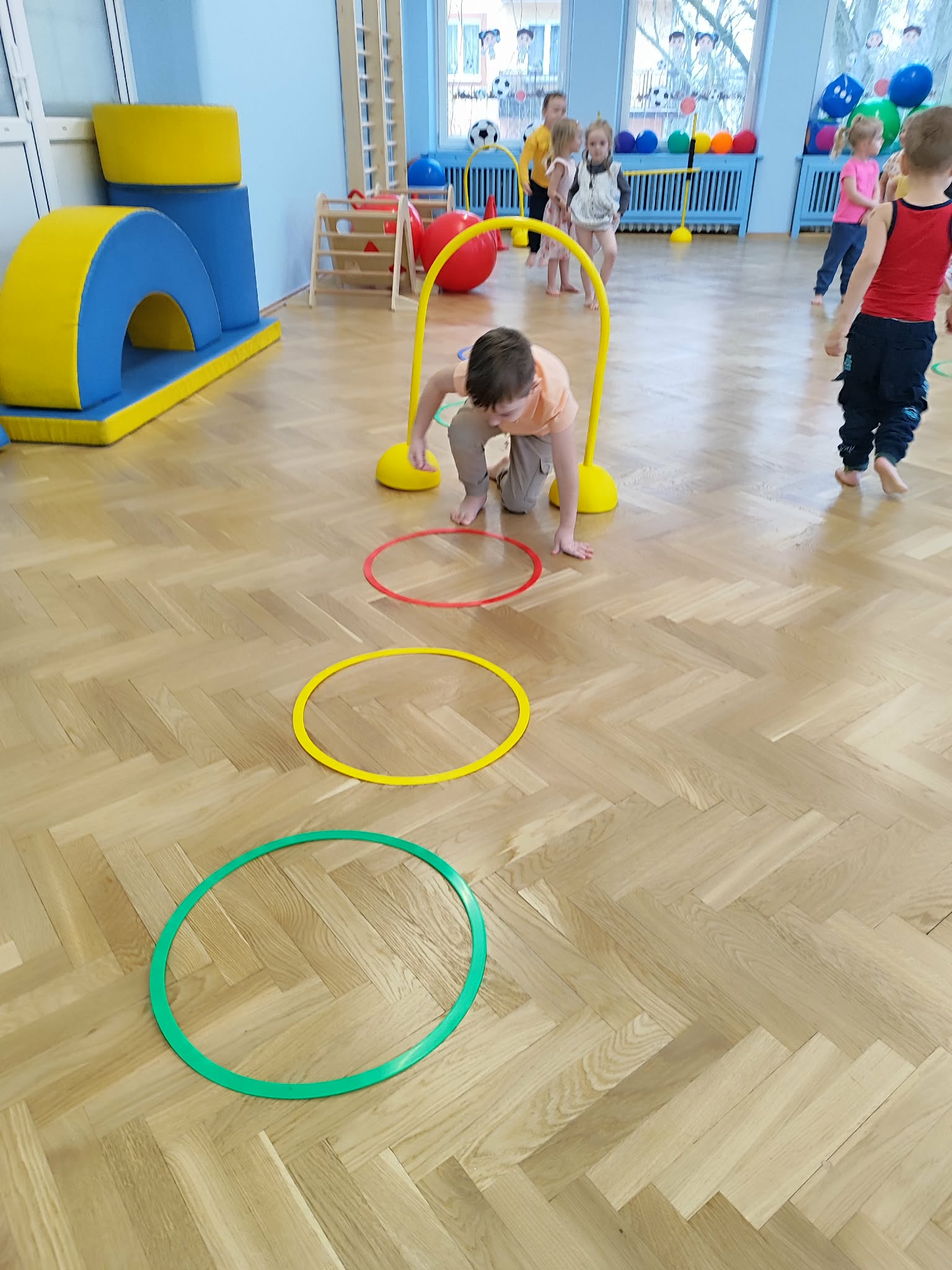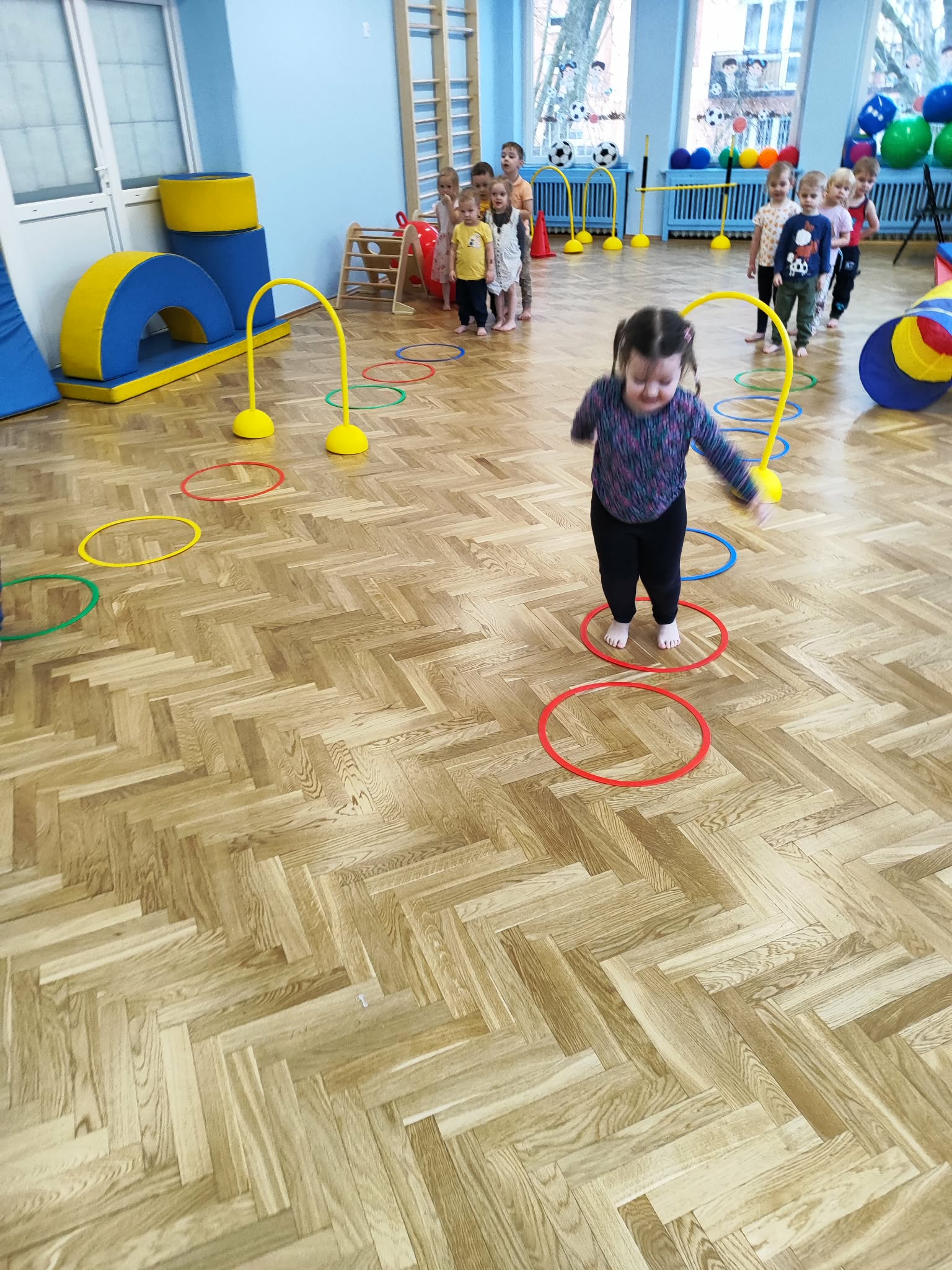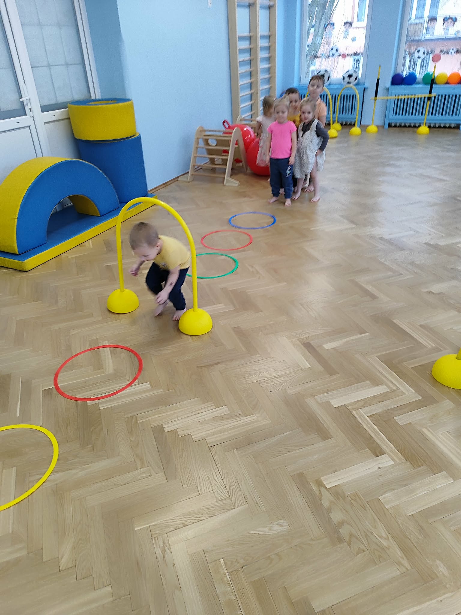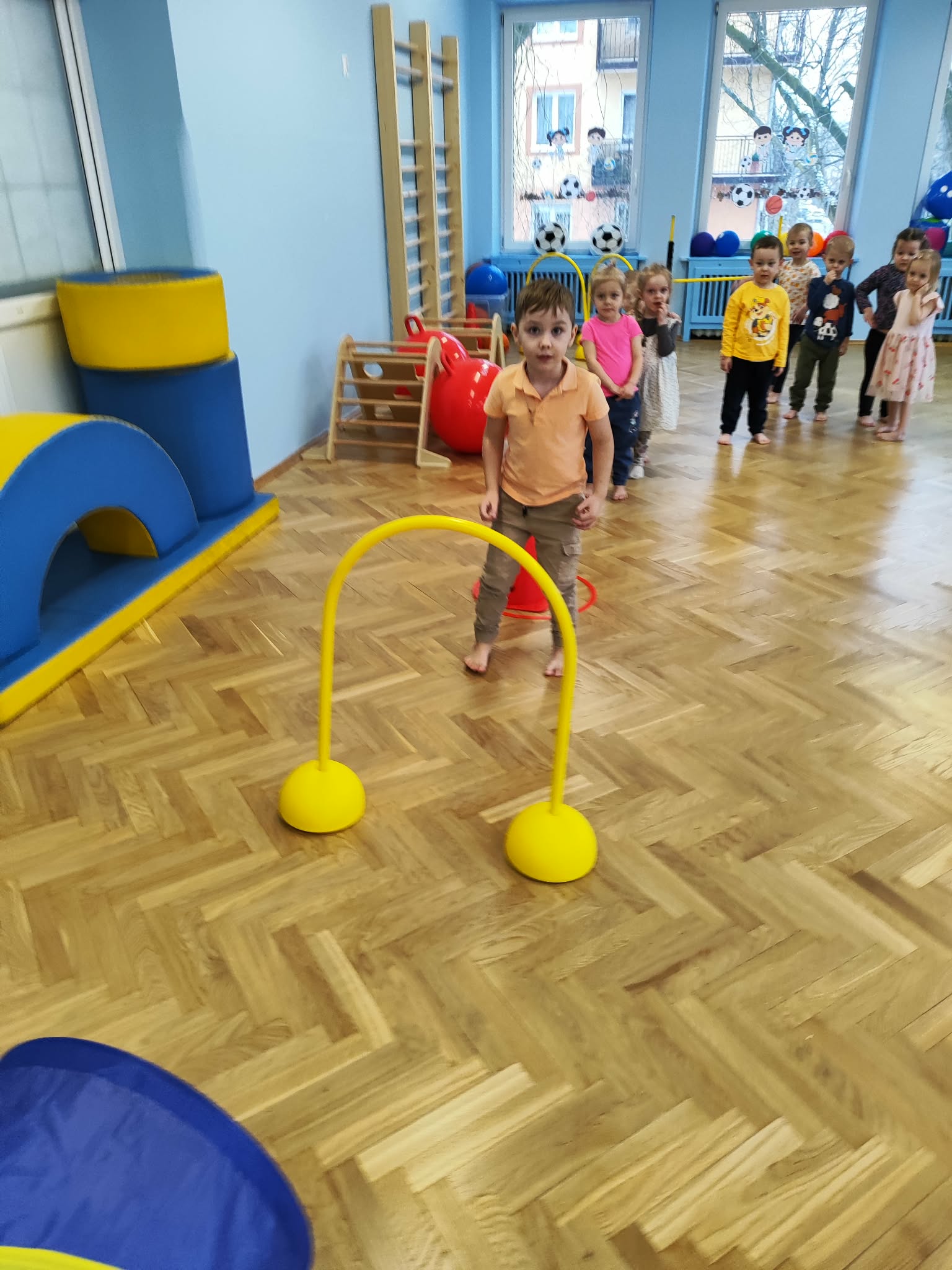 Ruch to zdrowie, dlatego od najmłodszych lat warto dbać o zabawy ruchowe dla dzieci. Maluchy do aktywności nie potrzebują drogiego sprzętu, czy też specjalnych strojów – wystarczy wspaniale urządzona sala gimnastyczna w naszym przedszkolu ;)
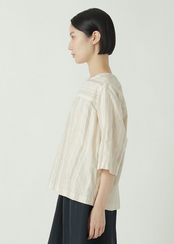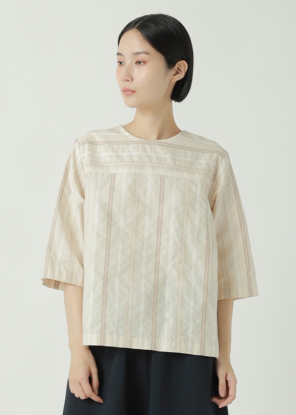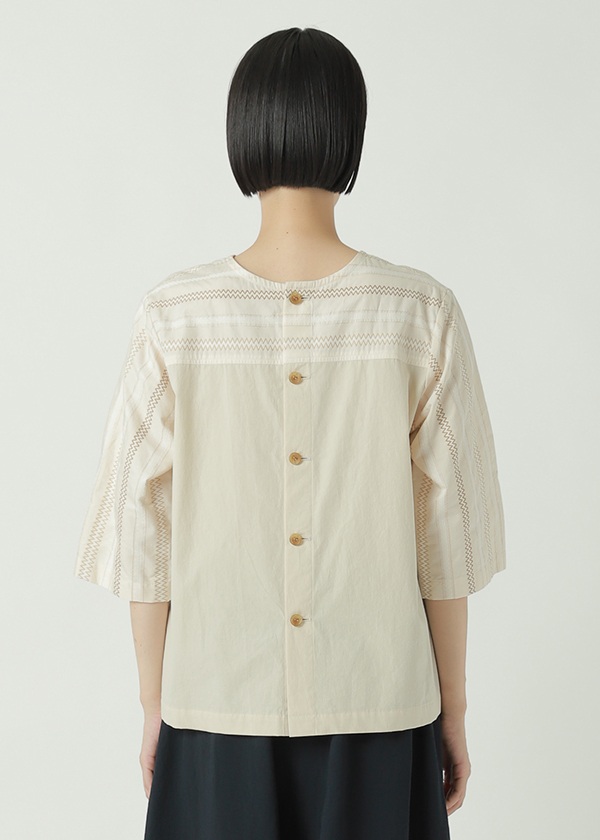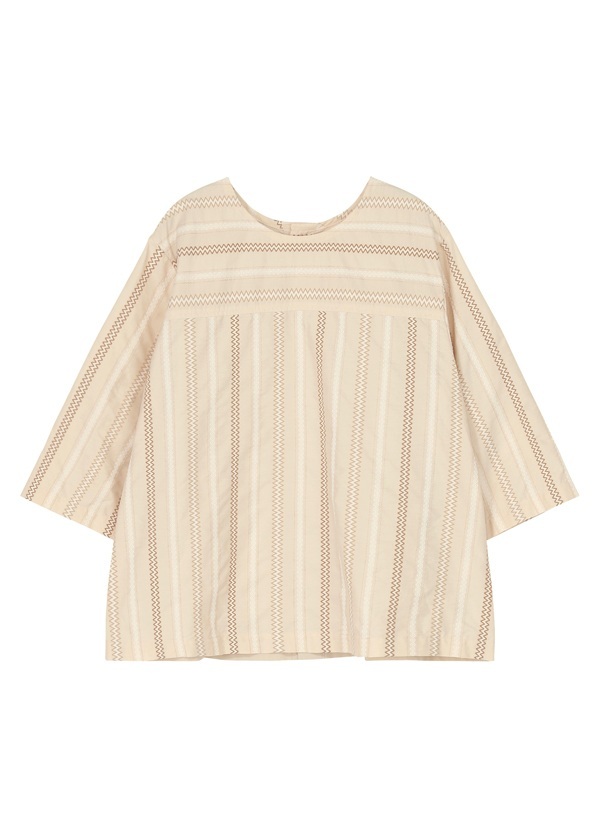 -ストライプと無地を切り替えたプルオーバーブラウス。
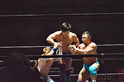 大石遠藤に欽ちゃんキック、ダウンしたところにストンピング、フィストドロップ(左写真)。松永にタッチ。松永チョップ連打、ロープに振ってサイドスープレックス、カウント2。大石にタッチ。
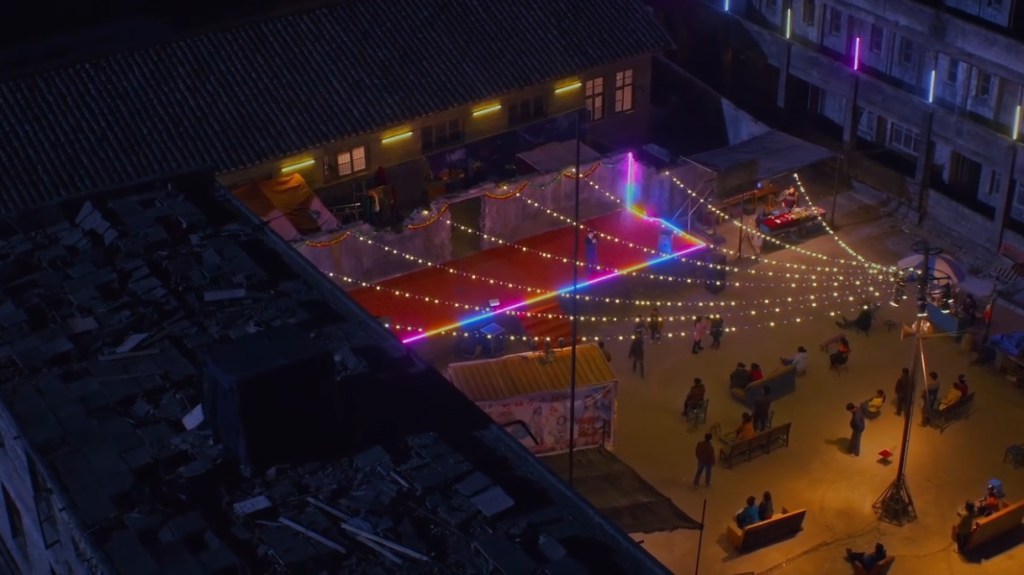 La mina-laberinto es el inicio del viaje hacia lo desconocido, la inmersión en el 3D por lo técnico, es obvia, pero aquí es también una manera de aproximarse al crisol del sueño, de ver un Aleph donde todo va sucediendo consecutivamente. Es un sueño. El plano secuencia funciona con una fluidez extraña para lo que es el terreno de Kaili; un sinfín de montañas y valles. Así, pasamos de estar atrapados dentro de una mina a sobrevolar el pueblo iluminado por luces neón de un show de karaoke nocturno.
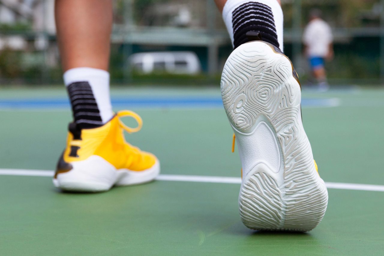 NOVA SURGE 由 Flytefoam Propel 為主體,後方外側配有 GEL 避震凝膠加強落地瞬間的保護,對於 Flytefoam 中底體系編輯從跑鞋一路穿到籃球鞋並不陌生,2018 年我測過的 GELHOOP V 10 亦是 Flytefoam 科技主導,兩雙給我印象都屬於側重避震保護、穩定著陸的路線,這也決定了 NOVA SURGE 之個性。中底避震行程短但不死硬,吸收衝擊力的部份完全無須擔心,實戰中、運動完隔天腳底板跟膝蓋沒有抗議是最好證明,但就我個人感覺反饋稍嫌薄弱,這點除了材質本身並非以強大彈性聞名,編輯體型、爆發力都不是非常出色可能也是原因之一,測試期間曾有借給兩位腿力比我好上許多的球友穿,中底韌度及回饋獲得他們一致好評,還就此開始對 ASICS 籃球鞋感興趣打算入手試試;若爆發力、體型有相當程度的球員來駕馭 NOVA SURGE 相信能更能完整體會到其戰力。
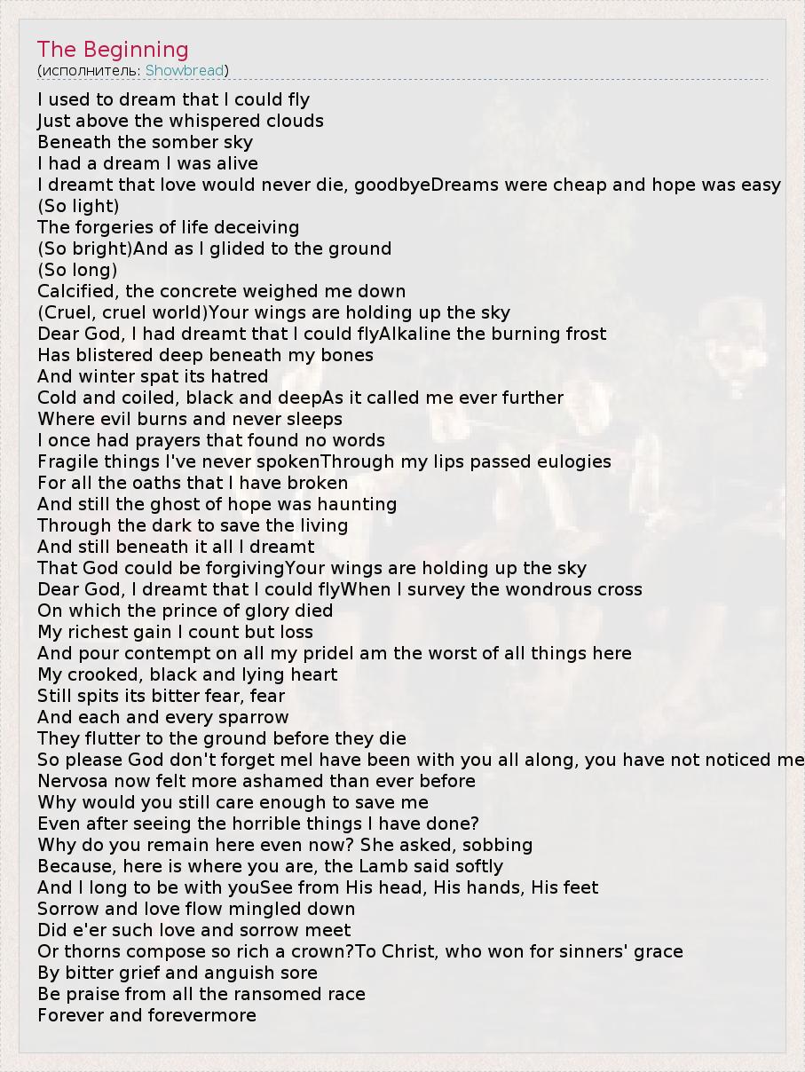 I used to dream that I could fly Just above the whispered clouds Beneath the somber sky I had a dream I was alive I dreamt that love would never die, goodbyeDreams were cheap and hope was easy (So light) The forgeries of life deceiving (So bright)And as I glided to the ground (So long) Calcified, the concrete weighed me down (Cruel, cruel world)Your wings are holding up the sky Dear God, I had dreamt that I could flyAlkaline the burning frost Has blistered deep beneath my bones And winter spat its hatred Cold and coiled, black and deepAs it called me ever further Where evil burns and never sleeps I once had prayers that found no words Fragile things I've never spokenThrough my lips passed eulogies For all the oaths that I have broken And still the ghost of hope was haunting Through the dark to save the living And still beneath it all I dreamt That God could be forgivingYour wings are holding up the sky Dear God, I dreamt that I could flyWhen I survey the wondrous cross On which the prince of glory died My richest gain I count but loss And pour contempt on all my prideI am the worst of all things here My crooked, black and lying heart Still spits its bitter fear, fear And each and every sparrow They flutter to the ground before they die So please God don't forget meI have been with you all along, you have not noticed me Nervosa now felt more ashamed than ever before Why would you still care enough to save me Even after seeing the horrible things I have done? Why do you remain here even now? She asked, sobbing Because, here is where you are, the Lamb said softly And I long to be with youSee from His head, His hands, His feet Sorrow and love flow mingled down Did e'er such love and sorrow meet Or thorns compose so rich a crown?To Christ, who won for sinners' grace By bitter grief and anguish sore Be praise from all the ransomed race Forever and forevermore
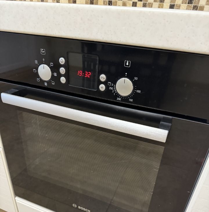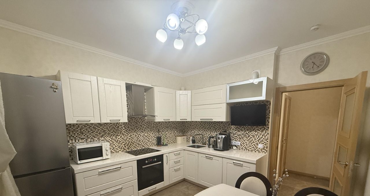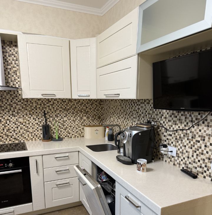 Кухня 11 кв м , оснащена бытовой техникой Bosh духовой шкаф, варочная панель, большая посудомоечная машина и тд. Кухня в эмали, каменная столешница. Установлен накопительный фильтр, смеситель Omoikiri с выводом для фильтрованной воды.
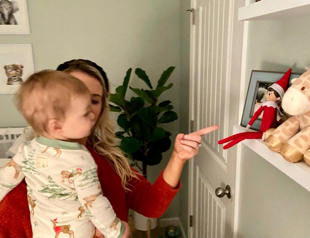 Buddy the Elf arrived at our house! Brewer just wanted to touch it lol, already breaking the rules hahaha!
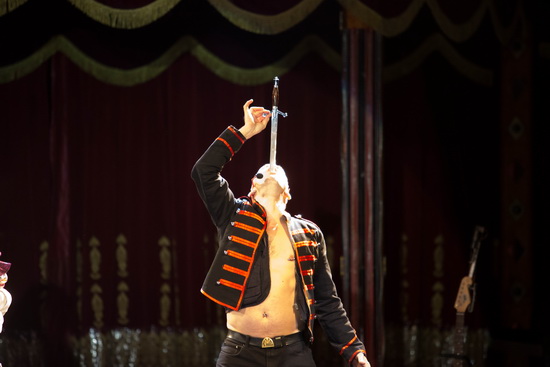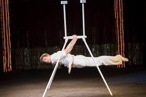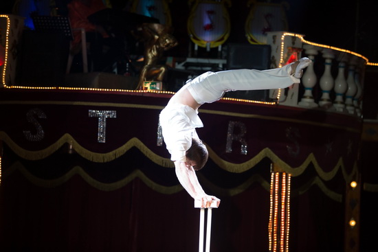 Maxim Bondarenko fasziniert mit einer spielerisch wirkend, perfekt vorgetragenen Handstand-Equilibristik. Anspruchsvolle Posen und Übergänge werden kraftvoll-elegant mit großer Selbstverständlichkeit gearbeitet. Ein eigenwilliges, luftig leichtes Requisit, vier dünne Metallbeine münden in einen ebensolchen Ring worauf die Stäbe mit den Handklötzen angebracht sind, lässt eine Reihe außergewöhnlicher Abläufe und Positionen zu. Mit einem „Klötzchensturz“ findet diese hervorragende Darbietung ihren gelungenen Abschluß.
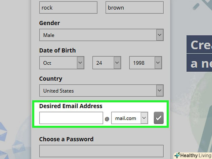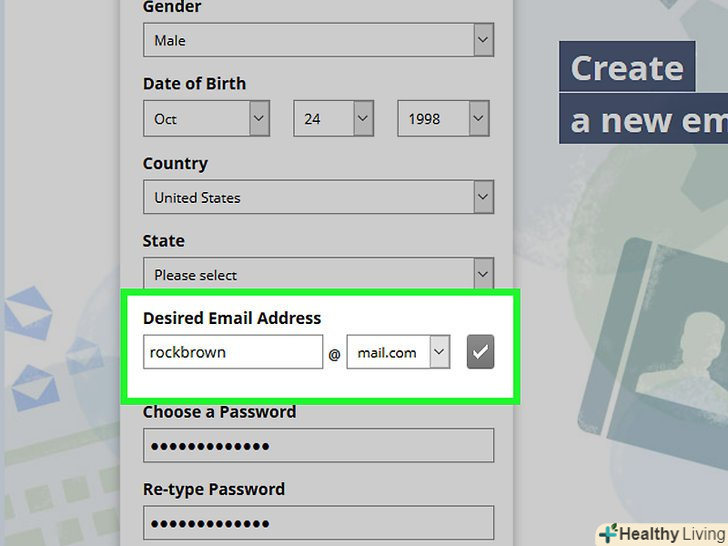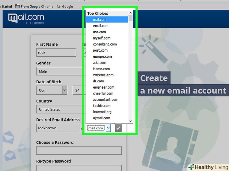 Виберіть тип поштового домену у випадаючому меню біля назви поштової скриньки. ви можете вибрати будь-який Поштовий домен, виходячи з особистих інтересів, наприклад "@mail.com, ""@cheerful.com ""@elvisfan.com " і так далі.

━━━━━━━━

PROMPT: Everything from the line containing "Maxim Bondarenko fasziniert" to the last line of the listing above must be reproduced exactly, with no pictures included.

RESULT FOR THIS EXERCISE:
 Maxim Bondarenko fasziniert mit einer spielerisch wirkend, perfekt vorgetragenen Handstand-Equilibristik. Anspruchsvolle Posen und Übergänge werden kraftvoll-elegant mit großer Selbstverständlichkeit gearbeitet. Ein eigenwilliges, luftig leichtes Requisit, vier dünne Metallbeine münden in einen ebensolchen Ring worauf die Stäbe mit den Handklötzen angebracht sind, lässt eine Reihe außergewöhnlicher Abläufe und Positionen zu. Mit einem „Klötzchensturz“ findet diese hervorragende Darbietung ihren gelungenen Abschluß.
 Виберіть тип поштового домену у випадаючому меню біля назви поштової скриньки. ви можете вибрати будь-який Поштовий домен, виходячи з особистих інтересів, наприклад "@mail.com, ""@cheerful.com ""@elvisfan.com " і так далі.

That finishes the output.